137 S. Ct. 2003, 2006 (2017) (per curiam) (citation omitted). In order to hold federal officials liable under Bivens, a plaintiff must show “(1) that a person acting under color of state law committed the conduct at issue, and (2) that the conduct deprived the claimant of some right, privilege, or immunity protected by the constitution or the laws of the United States.” Beltran v. United States, No. 3:15-CV-00785-SI, 2015 WL 7722414, at *3 (D. Or. Nov. 30, 2015) (citing Leer v. Murphy, 844 F.2d 628, 632 (9th Cir. 1988).
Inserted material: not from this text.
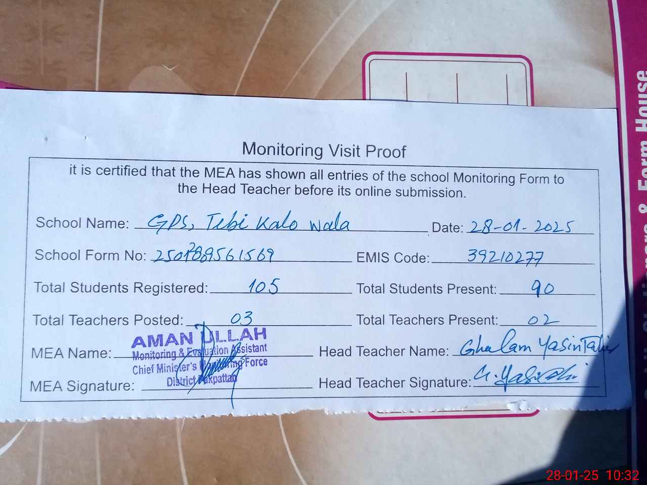 | Attendance Register | Head Teacher | MEA with School | Visit Proof |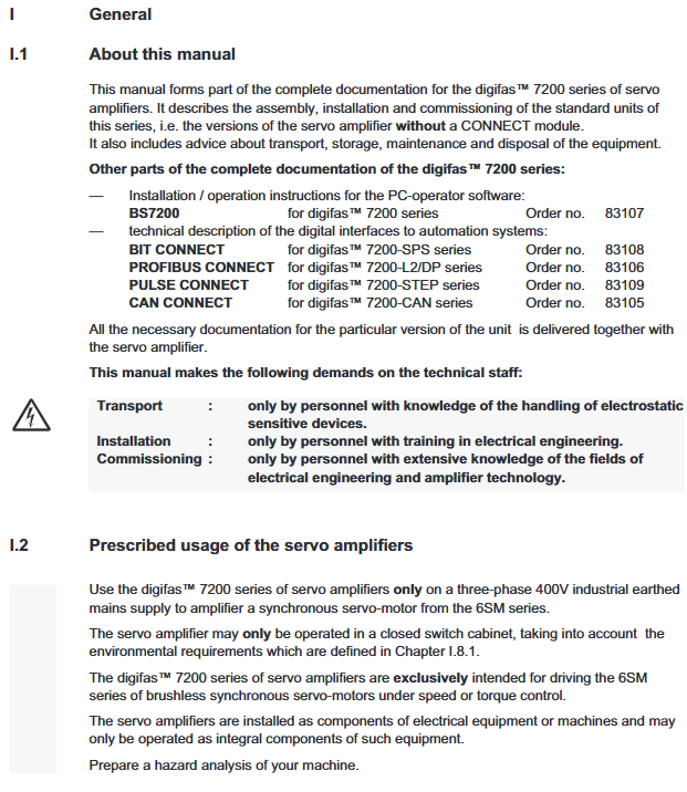 KOLLMORGEN digifas ™ The installation and operation guide for the 7200 series digital servo amplifier (including models 7201/7204/7206, etc.) is designed to adapt to three-phase 400V industrial power supply and provide speed/torque control for 6SM series brushless synchronous servo motors. It supports ± 10V analog setpoint input, incremental encoder/SSI interface feedback, peak output current up to 12A, working temperature * * -25 ° C to+55 ° C * * (power derating required), protection level IP20, EMC compliant design, energy feedback braking (ballast circuit), and complete fault protection. It is equipped with BS7200 software to achieve parameter configuration and monitoring. The manual covers the entire process of installation, wiring, debugging, fault troubleshooting, etc., and is suitable for multi axis industrial motion control scenarios.

Within the meaning of Bivens, a person deprives another of a constitutional right “if he does an affirmative act, participates in another’s affirmative acts, or omits to perform an act which he is legally required to do that causes the deprivation of which [the plaintiff complains].” Id. (citing Leer, 844 F.2d at 633).
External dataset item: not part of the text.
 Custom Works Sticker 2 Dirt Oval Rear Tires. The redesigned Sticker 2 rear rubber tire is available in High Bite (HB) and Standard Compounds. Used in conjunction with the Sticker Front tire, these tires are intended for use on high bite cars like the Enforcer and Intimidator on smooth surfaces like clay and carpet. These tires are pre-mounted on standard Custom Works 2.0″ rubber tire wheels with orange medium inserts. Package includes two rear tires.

As alleged, Plaintiff’s Second Amended Complaint is subject to dismissal for failure to state a claim for several reasons. First, Plaintiff fails to make any allegations against Defendants Warden Jacquez, Assistant Warden Bills and Correctional Officer Coyle. Second, he raises several claims that are not recognized as Bivens actions. 2d. Am. Compl. (ECF 16) at 11-12, 15, 17, 19, 21. Plaintiff was previously advised, the Supreme Court has recognized Bivens actions in only three contexts: under the Eighth Amendment for providing inadequate medical treatment to a federal prisoner, under the Fifth Amendment for gender discrimination in federal employment, and under the Fourth Amendment for unlawful searches and seizures. Order to Dismiss dated Apr. 17, 2024 (ECF 11) at 5 (citing Carlson v. Green, 446 U.S. 14, 18 (1980); Davis v. Passman, 442 US. 228 (1979); Bivens, 403 U.S. at 394-97).